Possibily the biggest update since Apple released iTunes 12, patch 12.1 delivers a useful notifcations widget that makes it easier to control the player and puts consumers a step closer to the checkout menu.

Version 12.1 of iTunes weighs about 212 MB and is available through the Mac update store.

The widget includes playback controls that lets users navigate from playlists without having to recall the full iTunes interface.

Users can also purchase songs via iTunes Radio by clicking on the track's price in the new widget. The widget doesn't include volume control or a compacted view of songs that are in the queue.

To add the notification widget, which is only available on OS X, users need to launch the Notification Center and then click on the "edit" button and then click on the plus sign next to iTunes.

Along with the widget, Apple also released performance enhancements in iTunes' latest patch.

The iTunes update comes on the heels of another patch to iOS 8, bringing the version up to iOS 8.1.3. And while the patch addresses some storage issues, users are still complaining some of the mobile OS' lingering issues have survived another packet of fixes from Apple.

Most of the issues with iOS 8 have plagued iPhone 5 and earlier, with users being annoyed by issues with Wi-Fi, Bluetooth, battery and calendars.
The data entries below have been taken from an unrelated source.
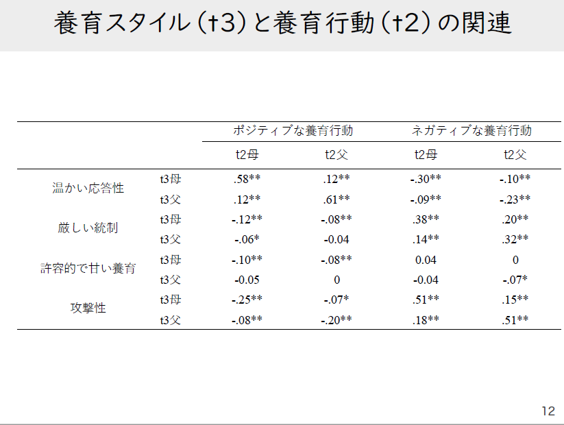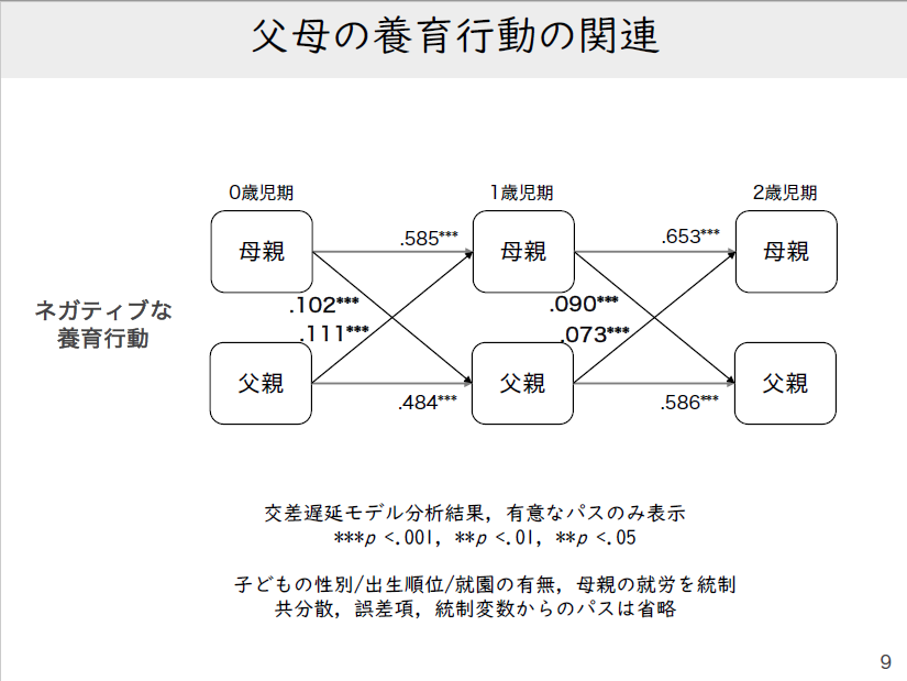 こうした結果から、2つの可能性が示唆されます。1つは、乳幼児期の養育行動では、父母が相互に影響を与えやすいことです。もう1つは、乳幼児期は、ポジティブな養育行動より、ネガティブな養育行動のほうが、より 強い影響を相互に与えやすい可能性があると考えられます。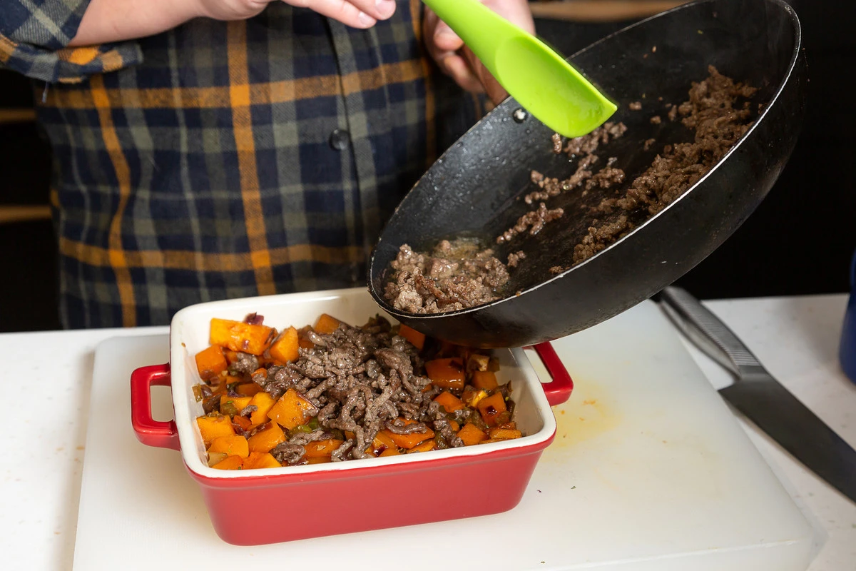 Разогрейте сковороду с 1-2 ст. л. растительного масла, выложите фарш и обжарьте, периодически помешивая, до золотистой корочки. Посолите и поперчите по вкусу. Выложите фарш в форму для запекания поверх овощей.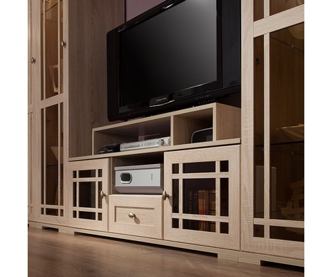 Выдвижной ящик можно не устанавливать, увеличив тем самым размер центральной ниши (например, под аппаратуру).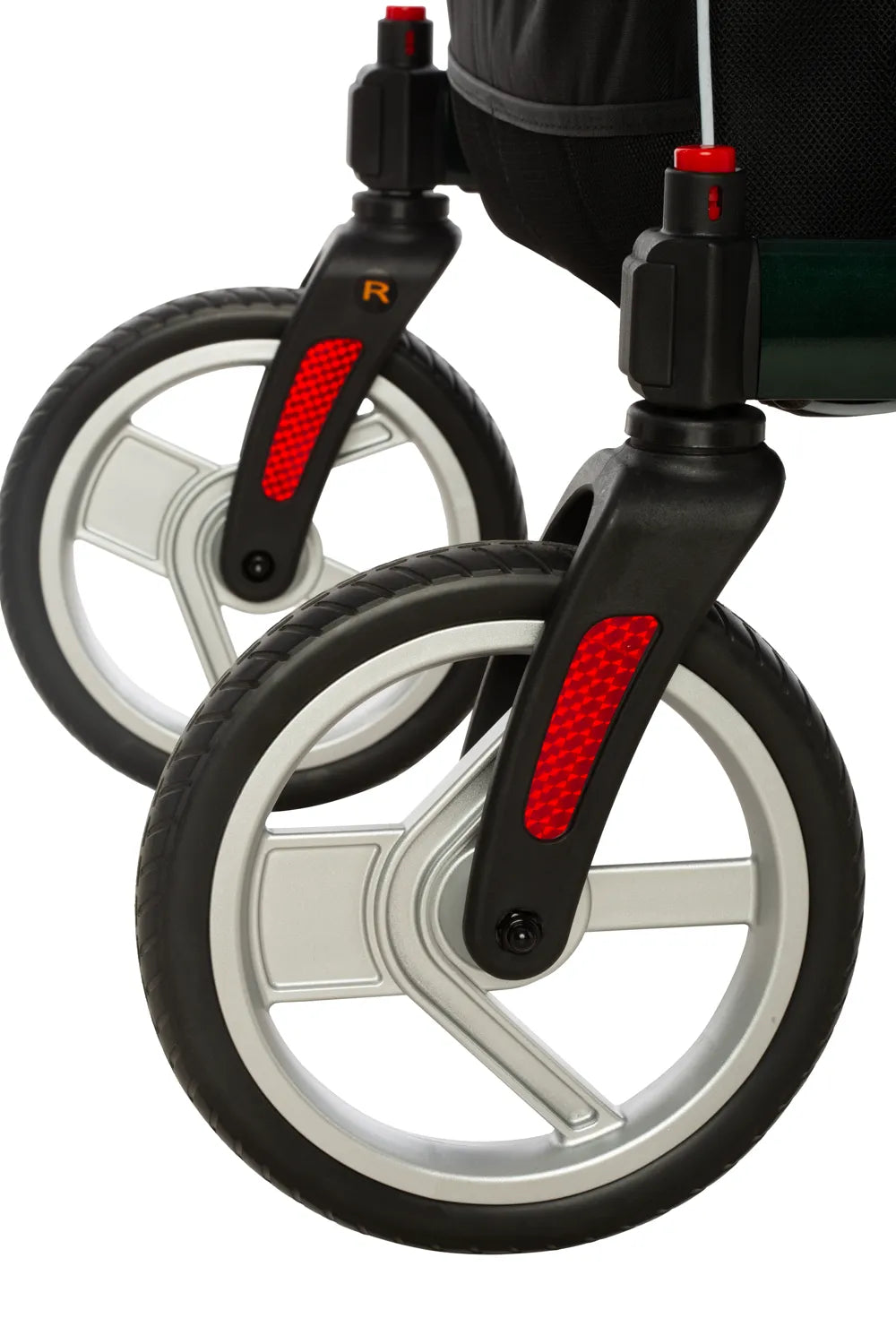 - Abnehmbare Vorderräder: Noch mehr Platzersparnis durch Klicksystem.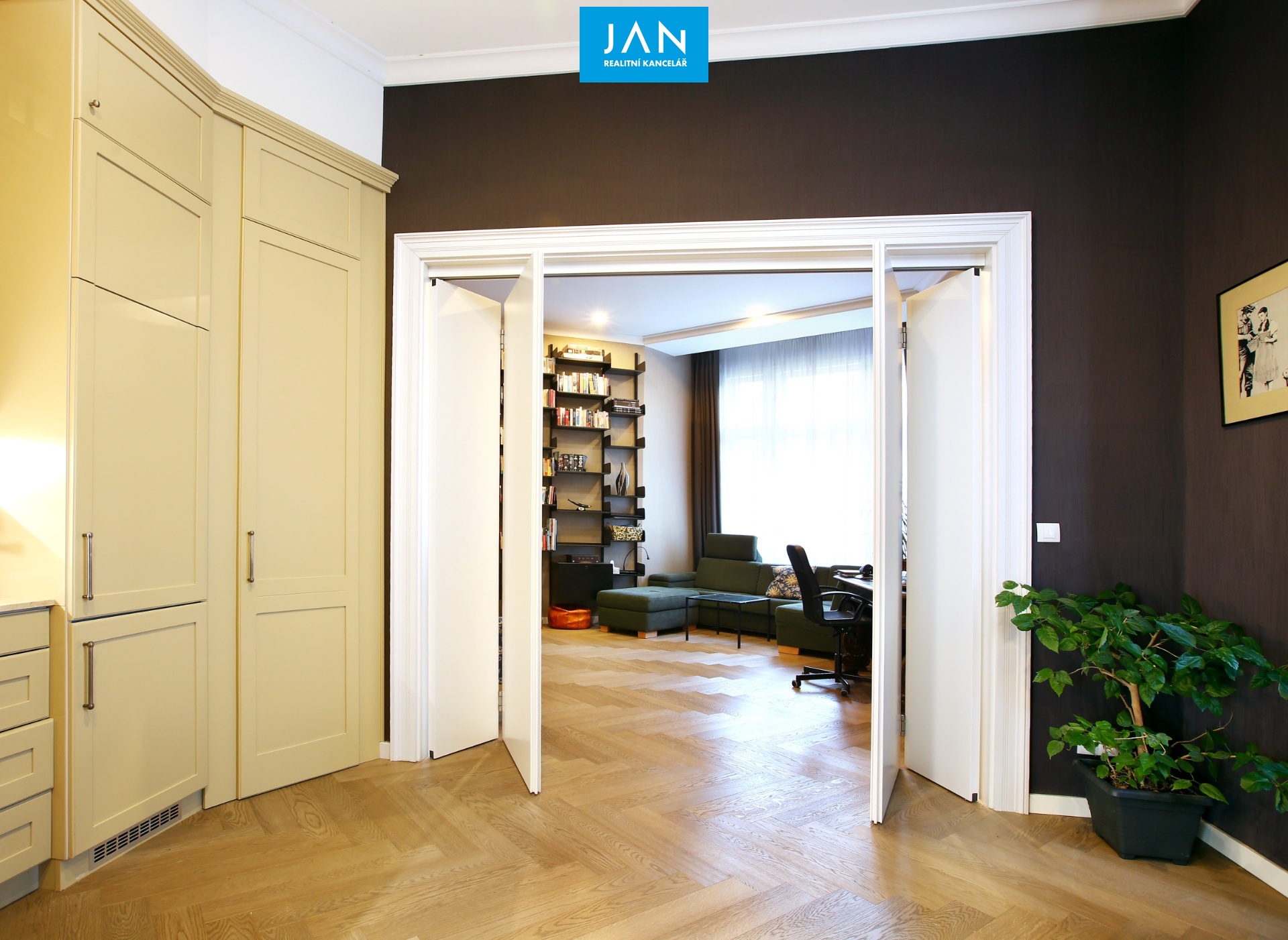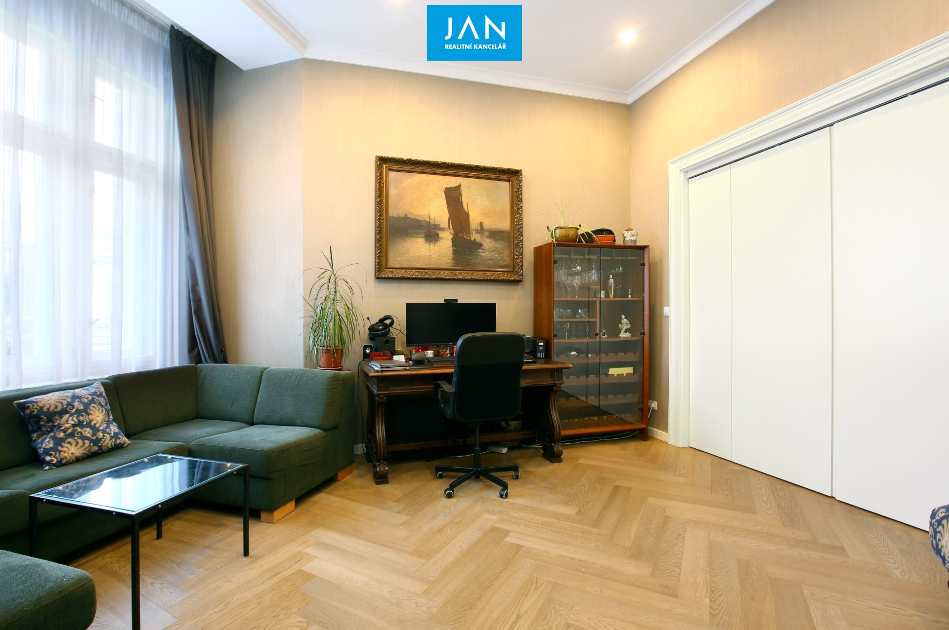 - obývací pokoj (24 m²), který lze díky posuvným dveřím snadno oddělit

But support for legacy Apple products isn't the only trouble the iOS is encountering.

As pointed out by The Register, Rene Winkelmeyer, head of development at midpoints GmbH, has some harsh criticism of Outlook for iOS. Winkelmeyer says Outlook for iOS simply isn't safe for the enterprise, an environment in which Apple and IBM are working to penetrate.

The app can tuck sensitive information via content services like Dropbox and One Drive and make it harder for administrators to hold individuals accountable, as it shares Exchange ID across devices. On top of that, Winklemeyer says Microsoft logs a user's credentials. He also encourages network administrators to block the app immediately.

"[The Outlook app] will break your companies security for mobile PIM access in multiple ways," says Winkelmeyer. "No matter if you're a Microsoft Exchange or IBM Notes Traveler customer. I cannot believe Microsoft has done what they've done. Even as a non-Microsoft guy I would have expected that they obey the rules of common company security rules."